• WHAT YOU HAVE TO DO:
The listing below holds a line with "The DESK-GAMING-Y105 features" and a later line with "Rice: Medium melamine". Write out those two lines and every line between them, exactly, and nothing else.

• PROVIDED DATA:
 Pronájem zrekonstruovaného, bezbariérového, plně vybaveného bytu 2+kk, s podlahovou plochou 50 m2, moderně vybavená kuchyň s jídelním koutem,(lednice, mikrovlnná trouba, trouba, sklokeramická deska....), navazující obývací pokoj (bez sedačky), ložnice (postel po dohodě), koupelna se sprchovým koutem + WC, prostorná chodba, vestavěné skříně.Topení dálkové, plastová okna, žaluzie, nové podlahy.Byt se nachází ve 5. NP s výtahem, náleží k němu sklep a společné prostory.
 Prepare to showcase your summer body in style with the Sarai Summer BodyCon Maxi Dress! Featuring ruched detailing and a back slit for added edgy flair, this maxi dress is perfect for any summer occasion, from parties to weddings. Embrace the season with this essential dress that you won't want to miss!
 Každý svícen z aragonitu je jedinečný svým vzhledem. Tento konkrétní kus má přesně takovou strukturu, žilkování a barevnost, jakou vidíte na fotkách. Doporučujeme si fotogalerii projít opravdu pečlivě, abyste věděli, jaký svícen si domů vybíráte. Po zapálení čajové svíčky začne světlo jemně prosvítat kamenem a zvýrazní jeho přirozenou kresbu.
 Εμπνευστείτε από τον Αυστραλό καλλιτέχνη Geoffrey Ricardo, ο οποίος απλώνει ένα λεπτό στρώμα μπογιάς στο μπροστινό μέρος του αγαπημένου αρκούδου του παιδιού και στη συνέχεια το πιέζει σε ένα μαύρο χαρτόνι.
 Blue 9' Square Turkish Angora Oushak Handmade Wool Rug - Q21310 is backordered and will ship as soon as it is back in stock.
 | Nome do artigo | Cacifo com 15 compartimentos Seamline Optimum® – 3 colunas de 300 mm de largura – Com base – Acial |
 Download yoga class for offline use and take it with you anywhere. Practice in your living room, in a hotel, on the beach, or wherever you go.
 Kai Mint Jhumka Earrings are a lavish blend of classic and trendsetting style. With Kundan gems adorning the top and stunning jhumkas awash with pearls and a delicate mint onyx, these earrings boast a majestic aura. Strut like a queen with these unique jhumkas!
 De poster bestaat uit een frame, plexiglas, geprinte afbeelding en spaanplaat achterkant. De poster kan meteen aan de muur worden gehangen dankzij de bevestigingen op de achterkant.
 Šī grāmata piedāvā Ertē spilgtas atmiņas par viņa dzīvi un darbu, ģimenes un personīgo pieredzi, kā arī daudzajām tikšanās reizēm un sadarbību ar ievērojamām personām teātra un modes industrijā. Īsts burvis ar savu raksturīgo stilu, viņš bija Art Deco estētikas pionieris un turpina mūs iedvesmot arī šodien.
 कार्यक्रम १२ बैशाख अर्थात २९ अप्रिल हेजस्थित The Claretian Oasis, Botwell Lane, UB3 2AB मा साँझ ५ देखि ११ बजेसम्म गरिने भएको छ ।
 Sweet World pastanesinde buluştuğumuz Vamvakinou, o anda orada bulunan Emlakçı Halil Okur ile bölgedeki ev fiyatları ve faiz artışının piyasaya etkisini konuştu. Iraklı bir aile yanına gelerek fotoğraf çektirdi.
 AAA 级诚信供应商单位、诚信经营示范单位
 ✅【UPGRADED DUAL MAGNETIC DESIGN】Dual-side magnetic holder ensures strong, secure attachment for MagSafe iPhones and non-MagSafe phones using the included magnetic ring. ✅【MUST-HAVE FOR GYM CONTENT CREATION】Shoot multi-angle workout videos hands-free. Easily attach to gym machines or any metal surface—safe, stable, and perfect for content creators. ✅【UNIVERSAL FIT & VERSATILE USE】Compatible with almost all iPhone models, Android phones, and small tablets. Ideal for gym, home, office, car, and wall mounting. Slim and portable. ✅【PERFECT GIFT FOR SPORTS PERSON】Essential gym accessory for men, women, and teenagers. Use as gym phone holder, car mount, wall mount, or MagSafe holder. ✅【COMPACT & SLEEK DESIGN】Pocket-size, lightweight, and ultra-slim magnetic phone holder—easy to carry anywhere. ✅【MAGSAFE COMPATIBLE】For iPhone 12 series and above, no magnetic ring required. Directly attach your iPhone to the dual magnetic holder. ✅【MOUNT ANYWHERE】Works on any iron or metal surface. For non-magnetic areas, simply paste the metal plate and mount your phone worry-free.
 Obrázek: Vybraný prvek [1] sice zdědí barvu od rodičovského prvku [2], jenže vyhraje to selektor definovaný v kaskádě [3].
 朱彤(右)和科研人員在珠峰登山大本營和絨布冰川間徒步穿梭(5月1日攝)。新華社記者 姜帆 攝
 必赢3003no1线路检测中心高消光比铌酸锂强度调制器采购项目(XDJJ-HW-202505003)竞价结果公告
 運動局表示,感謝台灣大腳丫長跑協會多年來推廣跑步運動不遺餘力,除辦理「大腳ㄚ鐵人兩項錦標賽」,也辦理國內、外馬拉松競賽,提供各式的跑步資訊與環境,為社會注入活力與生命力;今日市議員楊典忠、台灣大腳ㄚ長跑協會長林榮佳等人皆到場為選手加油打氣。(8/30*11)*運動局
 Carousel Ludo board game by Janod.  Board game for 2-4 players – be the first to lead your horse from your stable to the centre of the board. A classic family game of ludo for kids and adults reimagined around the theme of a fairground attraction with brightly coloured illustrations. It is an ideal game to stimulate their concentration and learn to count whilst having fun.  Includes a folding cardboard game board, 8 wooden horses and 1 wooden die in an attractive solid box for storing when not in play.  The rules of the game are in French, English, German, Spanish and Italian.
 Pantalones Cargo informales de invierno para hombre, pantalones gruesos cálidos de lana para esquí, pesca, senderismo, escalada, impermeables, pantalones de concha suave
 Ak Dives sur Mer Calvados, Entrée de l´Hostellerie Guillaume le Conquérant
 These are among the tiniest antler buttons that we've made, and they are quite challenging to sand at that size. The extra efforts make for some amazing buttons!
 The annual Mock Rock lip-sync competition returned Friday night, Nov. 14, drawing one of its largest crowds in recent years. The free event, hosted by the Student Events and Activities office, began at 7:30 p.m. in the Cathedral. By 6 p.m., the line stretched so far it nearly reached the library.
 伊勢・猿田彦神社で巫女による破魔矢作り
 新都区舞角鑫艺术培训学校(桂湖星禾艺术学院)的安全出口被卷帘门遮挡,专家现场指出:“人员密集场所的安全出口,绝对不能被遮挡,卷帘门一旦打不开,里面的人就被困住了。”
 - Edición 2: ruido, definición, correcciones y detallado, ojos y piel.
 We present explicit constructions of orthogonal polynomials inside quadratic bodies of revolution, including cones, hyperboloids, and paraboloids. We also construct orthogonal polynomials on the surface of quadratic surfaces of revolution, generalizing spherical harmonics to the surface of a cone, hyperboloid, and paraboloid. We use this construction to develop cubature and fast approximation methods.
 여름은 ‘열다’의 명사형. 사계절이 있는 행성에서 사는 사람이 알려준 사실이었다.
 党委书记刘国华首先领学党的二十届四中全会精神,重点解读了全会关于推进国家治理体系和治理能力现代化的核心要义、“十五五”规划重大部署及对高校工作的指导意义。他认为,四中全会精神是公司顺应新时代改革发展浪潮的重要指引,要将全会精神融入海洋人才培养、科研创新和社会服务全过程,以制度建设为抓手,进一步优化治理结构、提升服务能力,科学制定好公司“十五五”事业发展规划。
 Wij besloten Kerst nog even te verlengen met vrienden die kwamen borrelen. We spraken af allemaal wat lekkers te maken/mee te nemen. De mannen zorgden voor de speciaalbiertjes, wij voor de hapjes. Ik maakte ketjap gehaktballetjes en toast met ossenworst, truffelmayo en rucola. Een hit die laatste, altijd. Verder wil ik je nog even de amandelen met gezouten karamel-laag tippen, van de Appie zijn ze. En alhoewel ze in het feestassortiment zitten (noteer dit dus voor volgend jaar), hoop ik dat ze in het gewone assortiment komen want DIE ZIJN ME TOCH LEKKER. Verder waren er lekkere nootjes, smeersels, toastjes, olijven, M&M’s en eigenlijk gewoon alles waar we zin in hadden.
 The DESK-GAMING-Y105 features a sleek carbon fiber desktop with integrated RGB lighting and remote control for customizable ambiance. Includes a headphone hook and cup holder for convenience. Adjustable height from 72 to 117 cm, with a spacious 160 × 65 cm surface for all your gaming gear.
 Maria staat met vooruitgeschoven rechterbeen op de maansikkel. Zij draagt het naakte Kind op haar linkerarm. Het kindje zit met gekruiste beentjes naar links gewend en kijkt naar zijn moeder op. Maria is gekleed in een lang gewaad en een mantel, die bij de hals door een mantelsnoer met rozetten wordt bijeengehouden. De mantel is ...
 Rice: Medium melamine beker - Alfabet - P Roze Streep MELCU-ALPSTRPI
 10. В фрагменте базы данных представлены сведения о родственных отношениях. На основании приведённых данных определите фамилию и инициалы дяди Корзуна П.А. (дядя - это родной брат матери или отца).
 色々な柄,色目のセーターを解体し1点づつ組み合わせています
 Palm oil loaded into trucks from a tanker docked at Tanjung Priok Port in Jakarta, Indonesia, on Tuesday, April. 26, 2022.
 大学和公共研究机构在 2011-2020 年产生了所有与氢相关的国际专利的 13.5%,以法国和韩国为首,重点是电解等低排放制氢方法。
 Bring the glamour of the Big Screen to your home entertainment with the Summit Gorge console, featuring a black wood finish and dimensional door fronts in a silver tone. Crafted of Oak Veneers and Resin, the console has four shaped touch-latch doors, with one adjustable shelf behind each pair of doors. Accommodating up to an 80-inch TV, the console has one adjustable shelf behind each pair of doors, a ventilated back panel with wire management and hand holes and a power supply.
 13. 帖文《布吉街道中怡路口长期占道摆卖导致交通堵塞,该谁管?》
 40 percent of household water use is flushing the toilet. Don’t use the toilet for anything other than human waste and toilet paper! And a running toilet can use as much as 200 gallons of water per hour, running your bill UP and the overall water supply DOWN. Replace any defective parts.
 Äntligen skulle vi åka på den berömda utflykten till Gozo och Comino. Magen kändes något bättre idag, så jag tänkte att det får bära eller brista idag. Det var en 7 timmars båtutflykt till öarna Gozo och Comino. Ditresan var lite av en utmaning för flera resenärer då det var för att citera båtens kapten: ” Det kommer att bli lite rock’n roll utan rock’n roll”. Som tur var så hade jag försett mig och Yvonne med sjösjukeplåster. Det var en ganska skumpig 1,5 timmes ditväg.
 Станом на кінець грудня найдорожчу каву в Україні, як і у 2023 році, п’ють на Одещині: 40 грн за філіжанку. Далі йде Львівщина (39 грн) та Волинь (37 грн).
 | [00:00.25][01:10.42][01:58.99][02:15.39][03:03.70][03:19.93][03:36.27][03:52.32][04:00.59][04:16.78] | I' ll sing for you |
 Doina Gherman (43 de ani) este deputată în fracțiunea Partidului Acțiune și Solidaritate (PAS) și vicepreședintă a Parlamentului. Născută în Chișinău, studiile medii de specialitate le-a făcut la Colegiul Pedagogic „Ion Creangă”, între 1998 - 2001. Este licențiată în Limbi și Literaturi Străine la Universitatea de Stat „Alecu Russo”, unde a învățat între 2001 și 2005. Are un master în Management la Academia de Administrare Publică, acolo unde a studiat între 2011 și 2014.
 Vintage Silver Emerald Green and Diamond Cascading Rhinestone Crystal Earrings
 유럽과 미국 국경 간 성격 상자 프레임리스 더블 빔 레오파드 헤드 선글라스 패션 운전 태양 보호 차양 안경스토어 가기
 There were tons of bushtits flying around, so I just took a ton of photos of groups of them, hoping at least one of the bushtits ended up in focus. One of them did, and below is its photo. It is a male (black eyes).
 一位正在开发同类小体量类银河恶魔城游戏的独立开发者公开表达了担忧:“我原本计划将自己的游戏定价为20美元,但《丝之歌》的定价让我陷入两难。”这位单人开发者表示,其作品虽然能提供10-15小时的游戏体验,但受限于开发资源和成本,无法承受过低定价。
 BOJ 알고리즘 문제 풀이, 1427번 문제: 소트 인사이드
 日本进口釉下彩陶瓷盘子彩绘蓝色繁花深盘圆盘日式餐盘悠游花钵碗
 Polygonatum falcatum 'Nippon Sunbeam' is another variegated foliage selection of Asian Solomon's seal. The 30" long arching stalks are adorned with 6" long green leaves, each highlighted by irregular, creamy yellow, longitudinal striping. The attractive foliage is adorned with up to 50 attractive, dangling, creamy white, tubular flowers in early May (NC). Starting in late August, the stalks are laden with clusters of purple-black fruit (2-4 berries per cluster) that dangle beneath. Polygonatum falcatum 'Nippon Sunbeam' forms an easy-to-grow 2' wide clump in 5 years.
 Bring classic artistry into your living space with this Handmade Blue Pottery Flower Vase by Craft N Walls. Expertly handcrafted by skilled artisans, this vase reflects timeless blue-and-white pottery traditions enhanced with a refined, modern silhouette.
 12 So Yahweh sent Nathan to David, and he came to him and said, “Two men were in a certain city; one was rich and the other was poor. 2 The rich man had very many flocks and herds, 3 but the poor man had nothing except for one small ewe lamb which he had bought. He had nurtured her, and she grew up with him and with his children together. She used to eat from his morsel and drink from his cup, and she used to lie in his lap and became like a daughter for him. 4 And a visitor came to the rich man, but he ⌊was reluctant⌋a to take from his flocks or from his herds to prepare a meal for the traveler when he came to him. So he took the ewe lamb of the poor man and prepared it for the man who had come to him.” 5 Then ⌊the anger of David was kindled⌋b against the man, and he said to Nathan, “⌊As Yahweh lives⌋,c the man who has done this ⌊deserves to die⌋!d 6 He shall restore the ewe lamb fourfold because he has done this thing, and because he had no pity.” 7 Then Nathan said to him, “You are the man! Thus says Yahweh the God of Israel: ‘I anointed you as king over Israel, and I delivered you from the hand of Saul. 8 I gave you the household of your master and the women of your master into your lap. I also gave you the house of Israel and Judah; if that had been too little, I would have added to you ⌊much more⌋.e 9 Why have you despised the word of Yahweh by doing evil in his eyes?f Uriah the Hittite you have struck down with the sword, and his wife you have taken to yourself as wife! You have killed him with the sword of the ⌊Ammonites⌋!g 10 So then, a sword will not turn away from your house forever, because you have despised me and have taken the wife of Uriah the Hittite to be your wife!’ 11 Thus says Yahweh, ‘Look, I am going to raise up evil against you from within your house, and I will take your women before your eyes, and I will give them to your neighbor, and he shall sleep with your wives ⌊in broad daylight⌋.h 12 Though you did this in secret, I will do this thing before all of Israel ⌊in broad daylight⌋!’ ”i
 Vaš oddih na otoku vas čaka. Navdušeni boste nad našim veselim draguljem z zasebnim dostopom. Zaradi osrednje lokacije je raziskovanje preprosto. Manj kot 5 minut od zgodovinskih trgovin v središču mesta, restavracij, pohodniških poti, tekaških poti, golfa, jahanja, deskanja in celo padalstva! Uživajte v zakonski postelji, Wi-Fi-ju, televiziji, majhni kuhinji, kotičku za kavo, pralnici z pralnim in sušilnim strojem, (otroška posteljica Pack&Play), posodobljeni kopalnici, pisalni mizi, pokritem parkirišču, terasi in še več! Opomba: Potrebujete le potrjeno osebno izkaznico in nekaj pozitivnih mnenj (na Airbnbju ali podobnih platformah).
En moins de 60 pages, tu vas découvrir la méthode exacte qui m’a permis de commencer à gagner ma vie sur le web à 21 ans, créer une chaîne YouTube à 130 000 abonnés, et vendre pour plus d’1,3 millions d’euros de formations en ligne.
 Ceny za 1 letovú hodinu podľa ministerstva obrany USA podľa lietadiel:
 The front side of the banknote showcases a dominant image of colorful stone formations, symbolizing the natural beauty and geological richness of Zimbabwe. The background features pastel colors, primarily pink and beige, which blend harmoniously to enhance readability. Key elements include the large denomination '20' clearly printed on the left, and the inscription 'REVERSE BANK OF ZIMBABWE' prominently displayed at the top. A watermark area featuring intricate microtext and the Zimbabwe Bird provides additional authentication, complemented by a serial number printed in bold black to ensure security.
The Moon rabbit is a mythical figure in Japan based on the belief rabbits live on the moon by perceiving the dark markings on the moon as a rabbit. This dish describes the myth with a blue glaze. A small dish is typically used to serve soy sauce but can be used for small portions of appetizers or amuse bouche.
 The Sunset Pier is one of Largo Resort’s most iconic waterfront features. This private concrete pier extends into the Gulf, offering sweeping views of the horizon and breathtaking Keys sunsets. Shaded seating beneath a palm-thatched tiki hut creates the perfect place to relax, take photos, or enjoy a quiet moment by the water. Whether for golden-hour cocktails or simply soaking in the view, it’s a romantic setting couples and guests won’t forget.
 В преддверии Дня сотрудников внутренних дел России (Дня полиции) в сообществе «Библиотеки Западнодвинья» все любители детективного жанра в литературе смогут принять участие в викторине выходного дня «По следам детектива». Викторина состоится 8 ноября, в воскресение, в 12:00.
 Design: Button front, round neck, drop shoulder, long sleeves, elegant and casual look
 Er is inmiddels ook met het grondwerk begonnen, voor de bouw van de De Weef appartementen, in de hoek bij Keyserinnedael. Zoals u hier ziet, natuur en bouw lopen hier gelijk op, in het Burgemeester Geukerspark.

• SOLUTION FOR THIS TASK:
 The DESK-GAMING-Y105 features a sleek carbon fiber desktop with integrated RGB lighting and remote control for customizable ambiance. Includes a headphone hook and cup holder for convenience. Adjustable height from 72 to 117 cm, with a spacious 160 × 65 cm surface for all your gaming gear.
 Maria staat met vooruitgeschoven rechterbeen op de maansikkel. Zij draagt het naakte Kind op haar linkerarm. Het kindje zit met gekruiste beentjes naar links gewend en kijkt naar zijn moeder op. Maria is gekleed in een lang gewaad en een mantel, die bij de hals door een mantelsnoer met rozetten wordt bijeengehouden. De mantel is ...
 Rice: Medium melamine beker - Alfabet - P Roze Streep MELCU-ALPSTRPI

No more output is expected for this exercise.